(Note: this Off the Shelf entry is a little bit extra special. That’s because it’s a part of the Cinematic Katzenjammer’s Not-So-Secret Santa Swap blogathon. For my swap, I have the dubious honor of tearing up the Dolph Lundren/Brandon Lee buddy cop film, Showdown in Little Tokyo, which I can’t describe succinctly here except to say that I hated it in the best way possible. Thanks to maestro Nick Powell for setting this whole thing up.)
This probably outs me as an apostate of 80’s and 90’s schlock, but I’ve never been a Dolph Lundgren fan. Color me a member of the zeitgeist; he really is the poor man’s Arnold in every way, a fraction of what everyone’s favorite movie-icon-turned-politician represents on the big screen. In fact, if I had to name a favorite Lundgren film (beyond, of course, Rocky IV), it would be The Expendables 2, a movie I mostly have no use for save for how beautifully Gunnar Jensen sums up the man’s entire professional acting career in a single scene of character-based incompetence. I’m sure he’s a hoot to hang around with, but his oeuvre doesn’t hold a lot of significance for me.
So it’s with trepidation that I slid Showdown in Little Tokyo into my DVD player for this go-round of Off the Shelf, telling myself all the while that I was doing it for a good reason. Imagine my surprise with how the experience turned out. As with other activities I engage in with great reluctance – say, going to the dentist – the payoff wound up being worth the inconvenience of having a stranger jam sharp instruments into my teeth for seventy plus minutes. Let me make one thing abundantly clear: Showdown in Little Tokyo is not a good film by any acceptable definition of the phrase. But it does encapsulate every single goofy trend in disposable, dime-a-dozen action film from its decade and we get to see one of Brandon Lee’s few screen appearances.

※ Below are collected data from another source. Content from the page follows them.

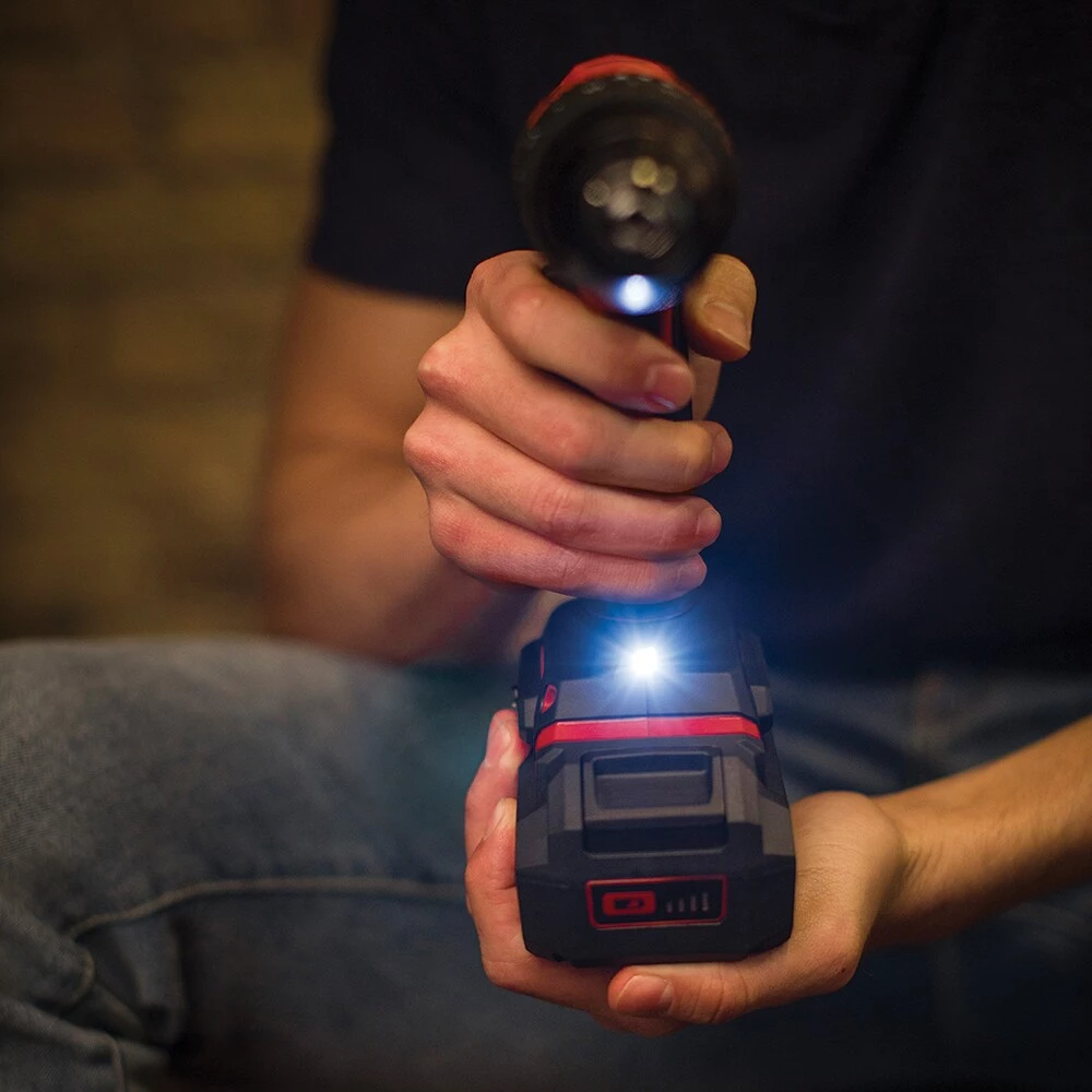 - 20V CORDLESS HAMMER DRILL KIT—Includes a PWR CORE 20™ 2.0Ah Lithium Battery and PWR JUMP™ Charger
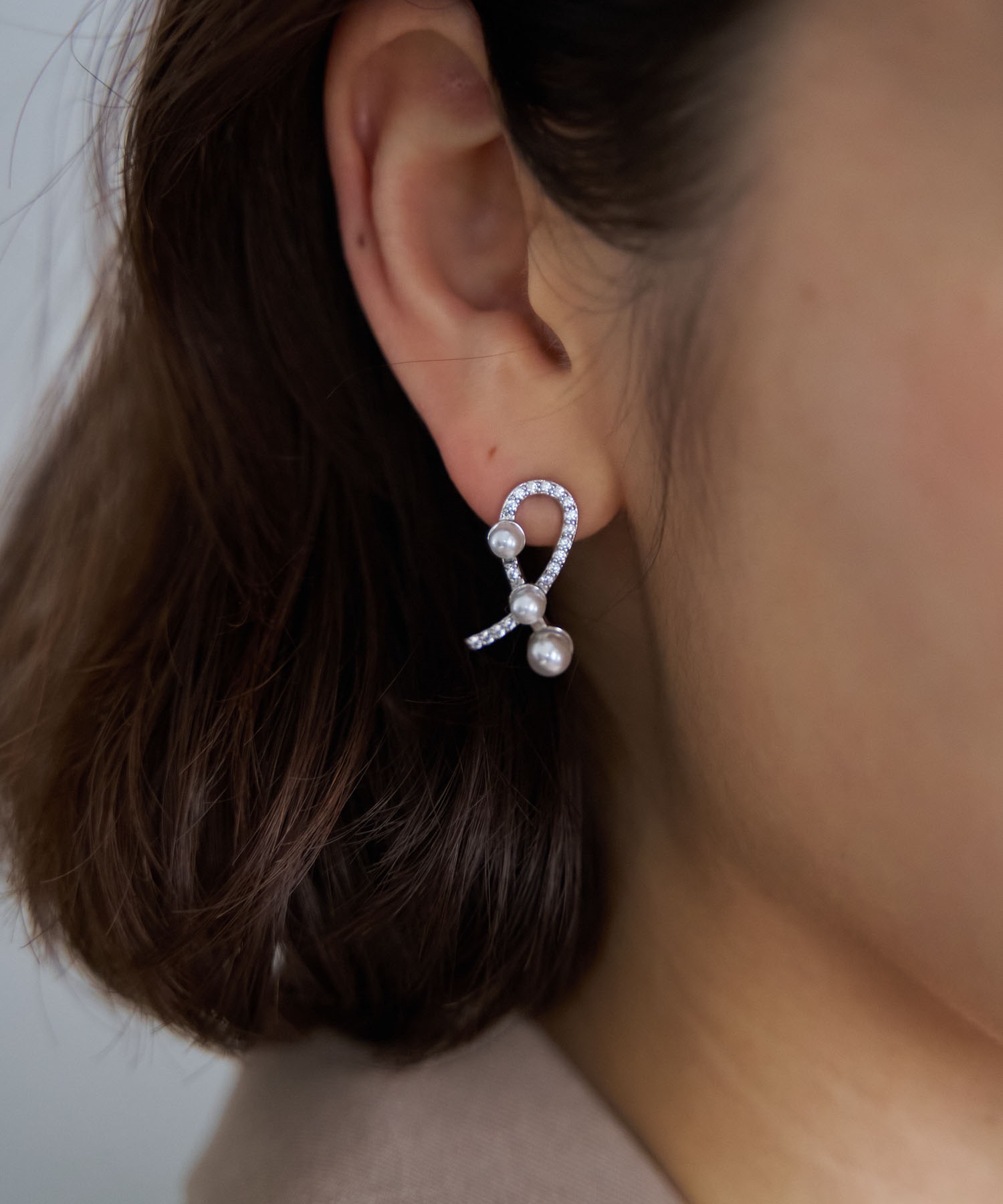 • ツイストデザインパールピアス(13シルバー-フリー)
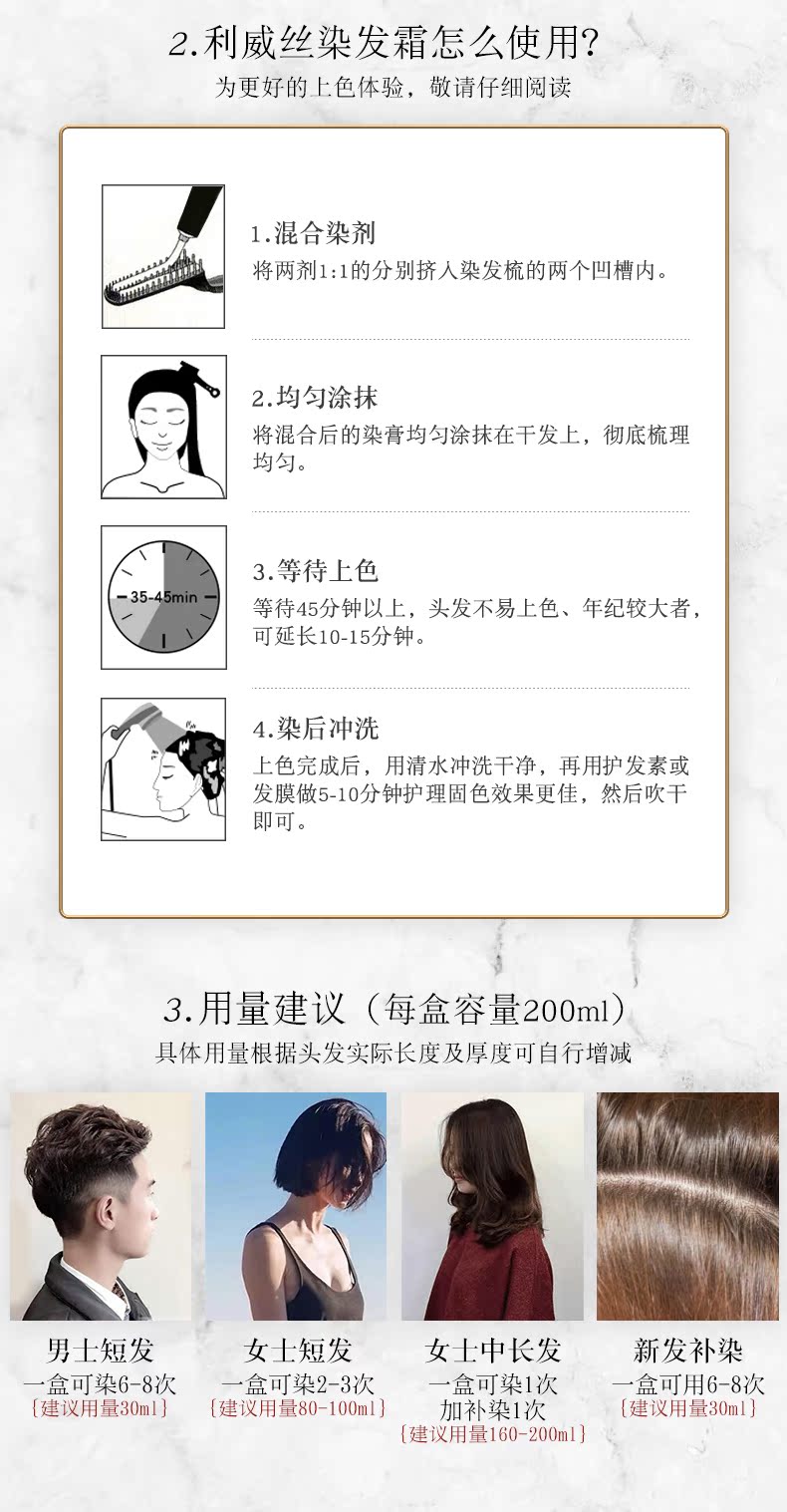 利威丝染发剂纯染头发膏自然黑色植物天然清水无刺激遮盖白发补色
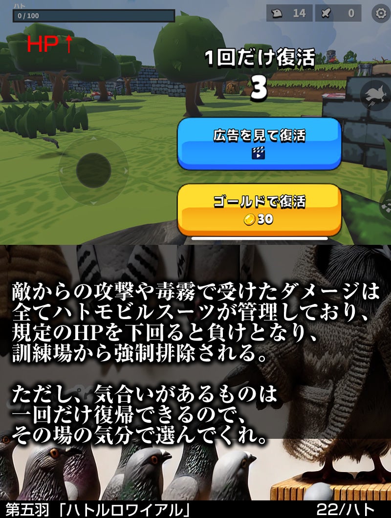 さらにゲームに登場するハトは全員とても頑丈なハトモビルスーツを着ている為、試合で敗北したとしても元気ということもマンガ内でお伝えしており多くの方に安心していただけるのではないかと思います。
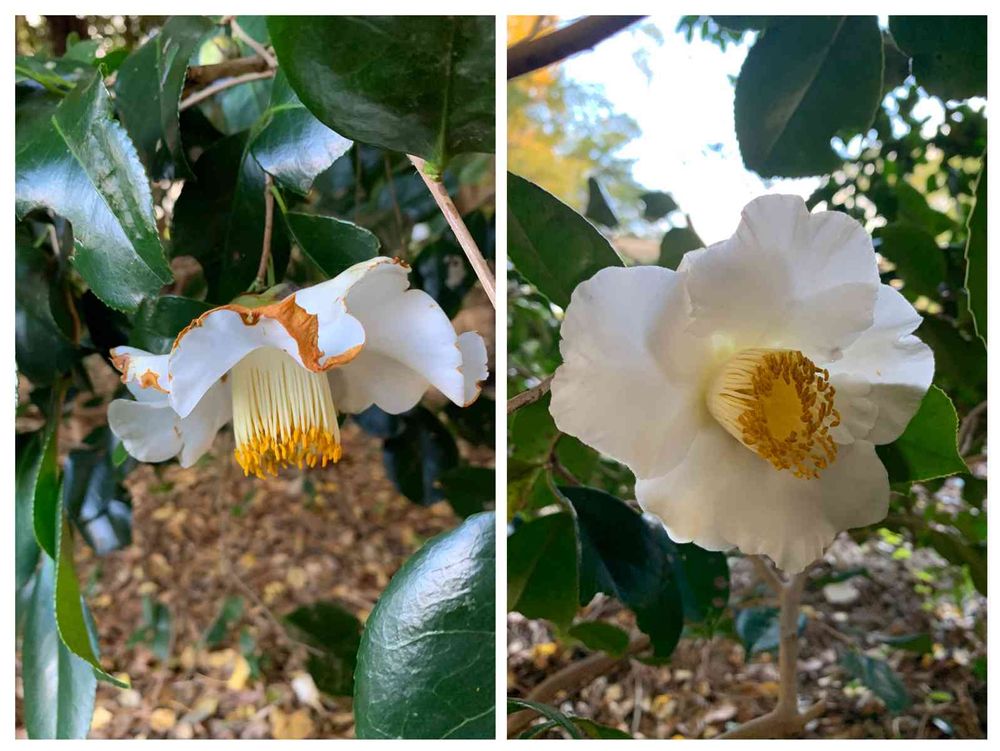 花びらにフリルがあって、優しい感じの、白椿ですネ〜
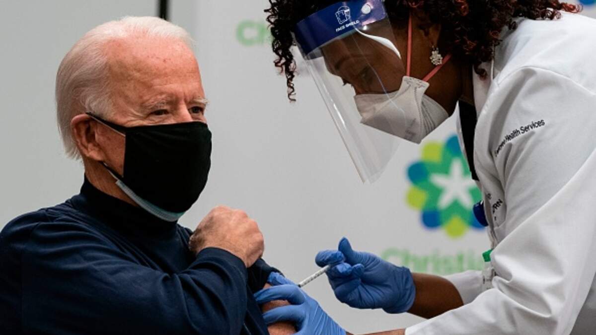 US President-elect Joe Biden receives a Covid-19 vaccination from Tabe Mase, Nurse Practitioner and Head of Employee Health Services, at the Christiana Care campus in Newark, Delaware on December 21, 2020. (Photo by ALEX EDELMAN / AFP) / The erroneous mention[s] appearing in the metadata of this photo by ALEX EDELMAN has been modified in AFP systems in the following manner: [Tabe Mase] instead of [Tabe Mase]. Please immediately remove the erroneous mention[s] from all your online services and delete it (them) from your servers. If you have been authorized by AFP to distribute it (them) to third parties, please ensure that the same actions are carried out by them. Failure to promptly comply with these instructions will entail liability on your part for any continued or post notification usage. Therefore we thank you very much for all your attention and prompt action. We are sorry for the inconvenience this notification may cause and remain at your disposal for any further information you may require. (Photo by ALEX EDELMAN/AFP via Getty Images)
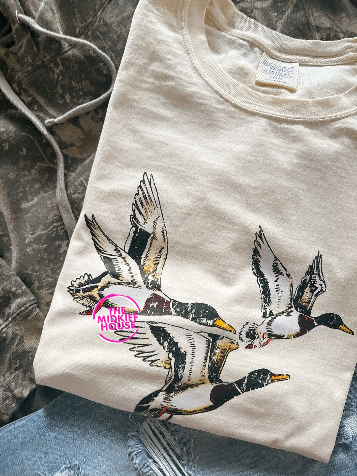 CARE INSTRUCTIONS: GENTLE-CYCLE WASH IN COLD WATER. NO BLEACH, NO FABRIC SOFTENER, NO LAUNDRY PODS. AIR DRY WHEN POSSIBLE. DO NOT IRON OVER DESIGN.
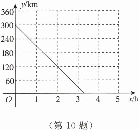 10. $A,B$两座城市之间有一条高速公路。甲、乙两辆汽车同时分别从这条路两端的入口处驶入,并始终在高速公路上正常行驶。甲车驶往$B$城,乙车驶往$A$城,甲车在行驶过程中速度始终不变。甲车距$B城高速公路入口处的距离y(km)与行驶时间x(h)$之间的关系如图所示。
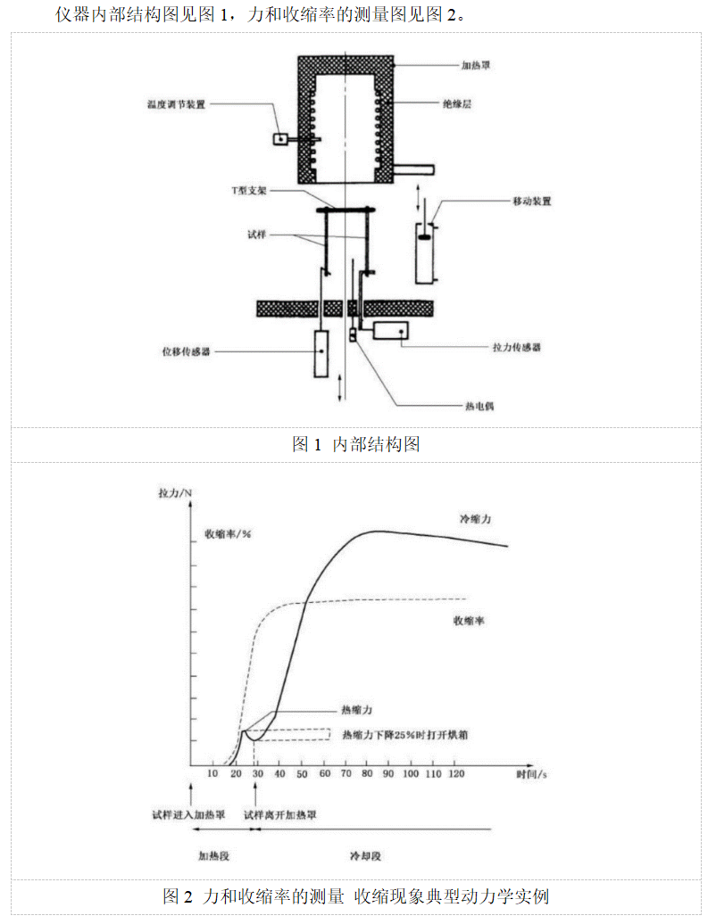 本試驗儀利用空氣加熱原理,將被測試樣連接到拉力傳感器和位移傳感器上,達到最大收縮力后,再將其置于環(huán)境溫度為23℃±2℃的外部試驗環(huán)境下冷卻,儀器連續(xù)記錄參考溫度、收縮力以及位移,所記錄的數(shù)據(jù)可以用來確定薄膜的最佳收縮條件。
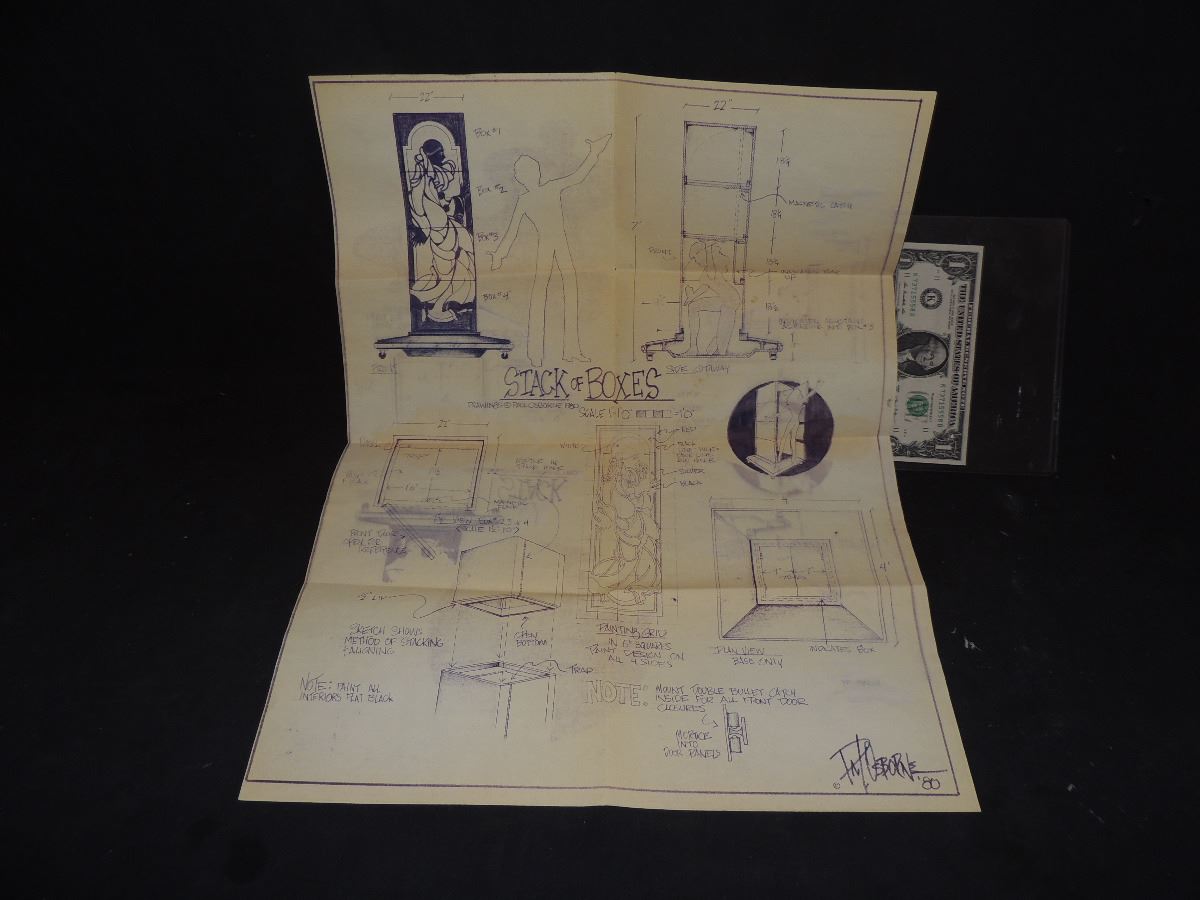 MAGIC TRICK VINTAGE STACK OF BOXES BLUEPRINT INSIDE MAGICIAN SECRET

That might not seem like much to brag about, but any Lee is good Lee, even Showdown in Little Tokyo, a movie that tries to capitalize on his boyish good looks and jokey charisma more than on his actual physicality. Lee mostly gets relegated to the sidelines as Lundgren beats up legions of Yakuza without putting down his teacup, and before this review goes any further, yes, this is a film about cops and Japanese mob members. Lundgren and Lee play two macho mismatched detectives paired together as some sort of cosmic joke and charged with bringing down criminal activity in Little Tokyo. (As Lee quips, it’s reverse racism, a punchline made funnier by the fact that he’s totally right. At least the film gives the totally awesome Cary-Hiroyuki Tagawa, here in full Evil Guy mode, the proper respect.)
Naturally, they don’t gel at first, but before long their Buddy Bond forms and Lee is complimenting Lundgren for having the biggest penis he’s ever seen and breaking his police officer code of conduct by immolating the villain’s number one henchman in a vat of beer. Yes, it’s that kind of movie. On their quest toward Ultimate Friendship (and justice!), they mow through the seedy underworld of Yakuza operations, which include decapitating drug addicts after giving them lethal doses of methamphetamines (because the Yakuza are evil!), raping Tie Carrere (because the Yakuza are evil!), and amputating the limbs of stubborn members of rival gangs (because the Yakuza are evil!). There are no lengths Showdown in Little Tokyo doesn’t go to in order to establish how bad these bad guys are. They’re bad.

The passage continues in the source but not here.